Task to carry out: Exercise in exact copying: restate word for word only the lines below from the one containing "The Ortho Luxury mattress provides" through the one containing "During the Pumps", omitting any pictures.

Information shown:
━━━━━━━━━━━━━━━━━━━━

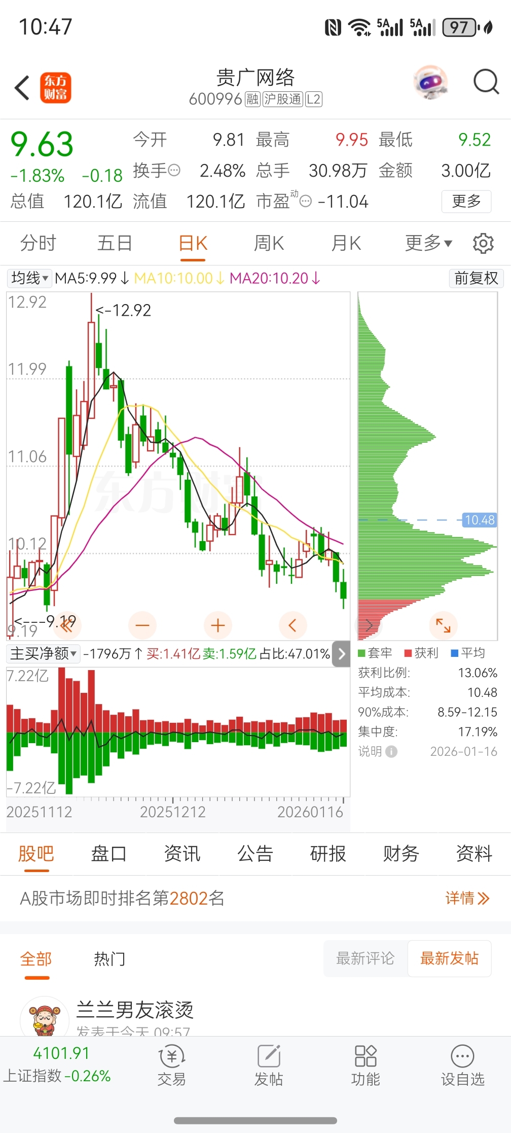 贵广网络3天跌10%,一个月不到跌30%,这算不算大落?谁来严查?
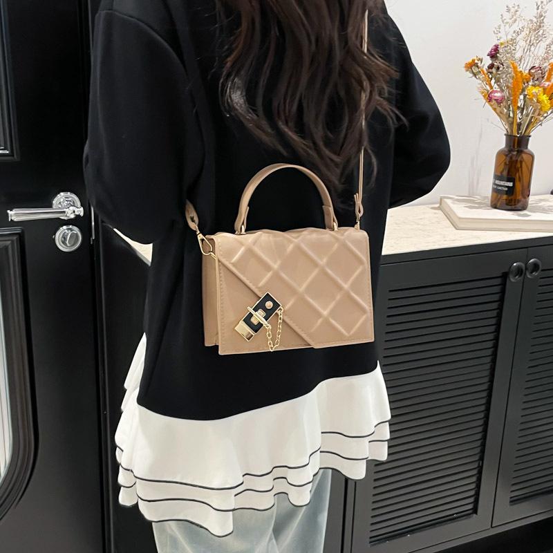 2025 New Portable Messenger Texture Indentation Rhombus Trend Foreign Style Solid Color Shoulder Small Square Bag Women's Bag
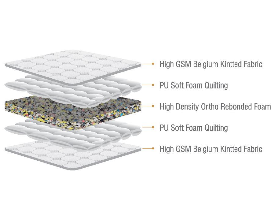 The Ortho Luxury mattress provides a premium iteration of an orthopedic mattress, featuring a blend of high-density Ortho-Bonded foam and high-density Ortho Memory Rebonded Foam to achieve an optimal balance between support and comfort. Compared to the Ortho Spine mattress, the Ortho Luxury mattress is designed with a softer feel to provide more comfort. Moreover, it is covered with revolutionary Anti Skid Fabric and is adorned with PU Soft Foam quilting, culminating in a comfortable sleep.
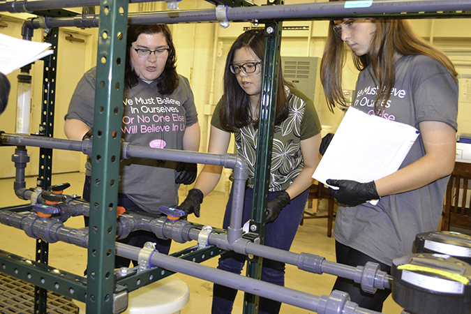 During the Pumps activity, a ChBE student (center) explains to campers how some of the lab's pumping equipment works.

━━━━━━━━━━━━━━━━━━━━

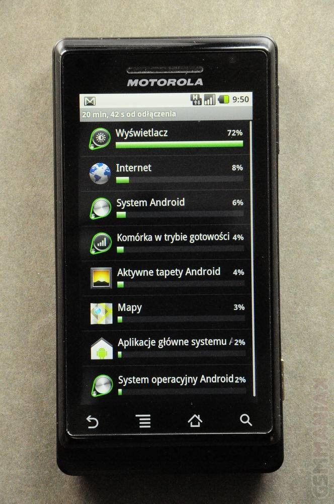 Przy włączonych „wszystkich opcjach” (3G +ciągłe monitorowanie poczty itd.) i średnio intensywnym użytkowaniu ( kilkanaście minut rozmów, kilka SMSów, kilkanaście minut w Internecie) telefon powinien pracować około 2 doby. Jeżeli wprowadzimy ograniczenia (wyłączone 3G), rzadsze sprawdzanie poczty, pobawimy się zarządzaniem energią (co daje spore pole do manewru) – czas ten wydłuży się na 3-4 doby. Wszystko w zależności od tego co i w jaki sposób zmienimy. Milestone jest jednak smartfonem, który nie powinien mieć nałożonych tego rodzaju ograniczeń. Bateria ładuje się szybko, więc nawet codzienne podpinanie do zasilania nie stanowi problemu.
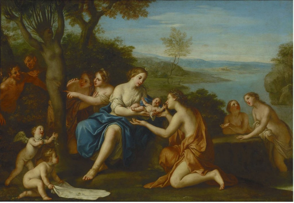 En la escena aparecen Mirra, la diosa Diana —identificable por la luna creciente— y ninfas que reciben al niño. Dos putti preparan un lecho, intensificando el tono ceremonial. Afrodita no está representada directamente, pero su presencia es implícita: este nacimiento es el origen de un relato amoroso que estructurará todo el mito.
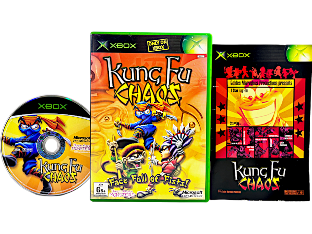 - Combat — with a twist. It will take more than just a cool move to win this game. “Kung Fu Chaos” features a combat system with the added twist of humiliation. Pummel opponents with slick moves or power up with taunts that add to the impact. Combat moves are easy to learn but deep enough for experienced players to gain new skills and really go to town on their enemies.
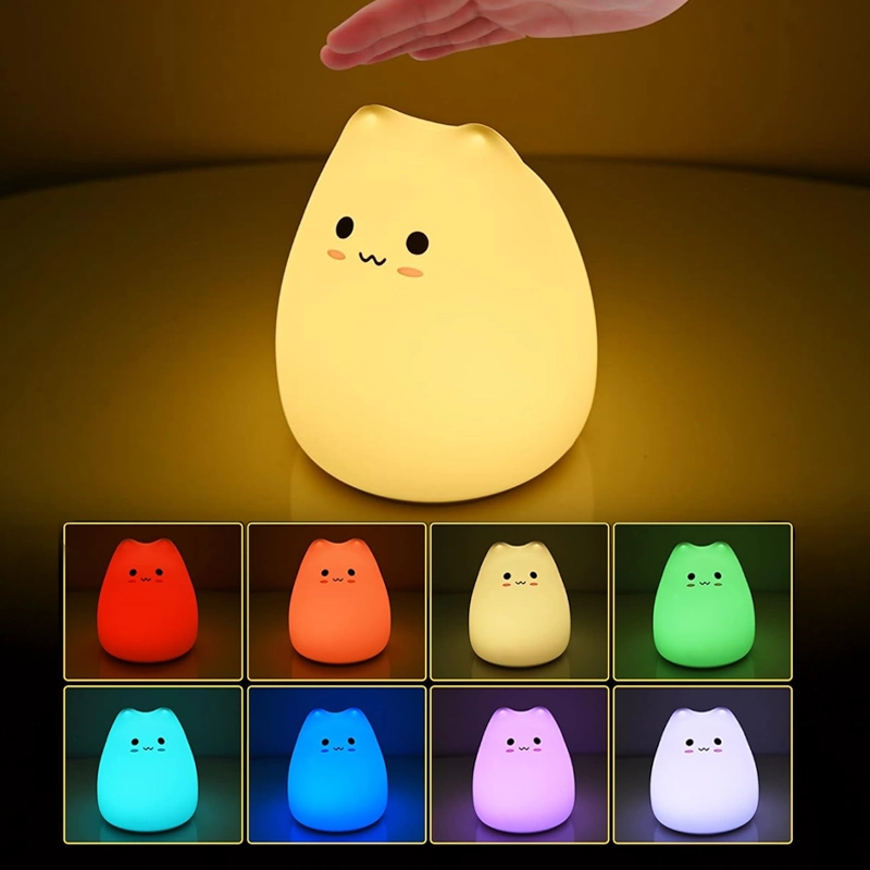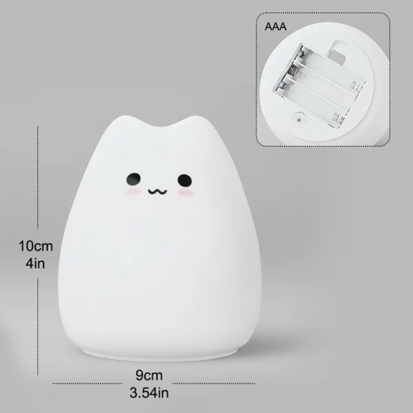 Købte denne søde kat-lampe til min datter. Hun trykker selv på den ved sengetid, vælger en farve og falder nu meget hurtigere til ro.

━━━━━━━━━━━━━━━━━━━━

Exercise solution:
 The Ortho Luxury mattress provides a premium iteration of an orthopedic mattress, featuring a blend of high-density Ortho-Bonded foam and high-density Ortho Memory Rebonded Foam to achieve an optimal balance between support and comfort. Compared to the Ortho Spine mattress, the Ortho Luxury mattress is designed with a softer feel to provide more comfort. Moreover, it is covered with revolutionary Anti Skid Fabric and is adorned with PU Soft Foam quilting, culminating in a comfortable sleep.
 During the Pumps activity, a ChBE student (center) explains to campers how some of the lab's pumping equipment works.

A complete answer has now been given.